# How do you graph y=(x^2+4x)/(2x-1) using asymptotes, intercepts, end behavior?

Jul 18, 2018

Vertical asymptote: $x = 0.5$ , slant asymptote: $y = 0.5 x + 2.25$, y-intercept: $\left(0 , 0\right)$, x intercepts: $\left(0 , 0\right) , \left(- 4 , 0\right)$, End behavior: x -> -oo , y-> -oo),x -> oo , y-> oo,

#### Explanation:

$y = \frac{{x}^{2} + 4 x}{2 x - 1}$

Vertical asymptote : $2 x - 1 = 0 \therefore x = \frac{1}{2} \mathmr{and} x = 0.5$

$x \to {0.5}^{-} , y \to - \infty \mathmr{and} x \to {0.5}^{+} , y \to \infty$

Degrees of numerator and denominator are $2 \mathmr{and} 1$

Since degree of numerator is greater there is slant asymptote

which can be found by long division.

$y = 0.5 x + 2.25 + \left(\frac{2.25}{2 x - 1}\right) \therefore$ Slant asymptote is

$y = 0.5 x + 2.25$ . y intercept: putting $x = 0$ we get

$y = \frac{0 + 0}{0 - 1} = 0 \therefore$ y intercept is at $\left(0 , 0\right)$

x intercept: putting $y = 0$ we get

$\therefore 0 = \frac{{x}^{2} + 4 x}{2 x - 1} \mathmr{and} x \left(x + 4\right) = 0 \therefore x = 0 , x = - 4$

x intercept is at $\left(0 , 0\right) , \left(- 4 , 0\right)$

End behavior : degree is odd, leading co efficient is positive.

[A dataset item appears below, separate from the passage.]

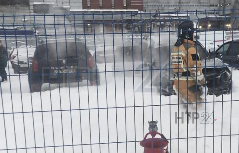 В промзоне Нижнекамска на территории шинного завода горит автомобиль.

For odd degree and positive leading coefficient the graph goes

down as we go left in $3$ rd quadrant and goes up as we go

right in $1$ st quadrant

Down ( As $x \to - \infty , y \to - \infty$),

Up ( As $x \to \infty , y \to \infty$),

graph{(x^2+4x)/(2 x-1) [-20, 20, -10, 10]} [Ans]